Posted By: Father Steve Re: Language groups, taxonomy thereof - 10/15/05 09:29 PM
It has been forty years since I sat in a junior-level class in Linguistic Anthropology but I think the taxonomy we used, updated in terms of the example provided, worked like this:

Kingdom: Human Language
Phylum: Indo-European
Family: Teutonic/Germanic
Subfamily: English
Language: American English
Dialect: Southern Californian
Subdialect: Valley Girl
Posted By: sjmaxq Re: Language groups, taxonomy thereof - 10/15/05 09:41 PM
Thanks.

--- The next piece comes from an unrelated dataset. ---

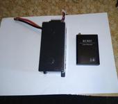 Но,теперь надо все смонтировать.И очень красивое решение,мне показалось,если разместить приемник RC805 с верху аккумулятора.Но возникает вопрос,не будет ли помехи от аккумулятора на приемник?Плата приемника заключена в корпус из тонкого металла,а аккумулятор находится в пластмассовом корпусе, и зазор между аккумулятором и приемником 8 мм.

The reason for my query was that "family" is often used where you have "kingdom". For example, here. This has ensured that my neuron is all in a tizz.
Posted By: zmjezhd Re: Language groups, taxonomy thereof - 10/15/05 09:57 PM
I'd say: Indo-European family, Italic or Germanic sub-family, Romance group. That's about as fine-grained as it gets. Not as many languages as species.

[Fixed typo.]
Posted By: Father Steve Re: Language groups, taxonomy thereof - 10/15/05 10:41 PM
Only one neuron, Max? It must be too busy to be tizzy.
Posted By: belMarduk Re: Language groups, taxonomy thereof - 10/15/05 11:01 PM
Hey, that's an interesting chart Max. Thanks for the link.
Posted By: Faldage Re: Language groups, taxonomy thereof - 10/15/05 11:36 PM
Quote:

... here ...




I love that chart. Looks like some Babylonian solar disk.

But then I've seen Romance divided into, e.g., Ibero-Romance, Gallo-Romance, etc.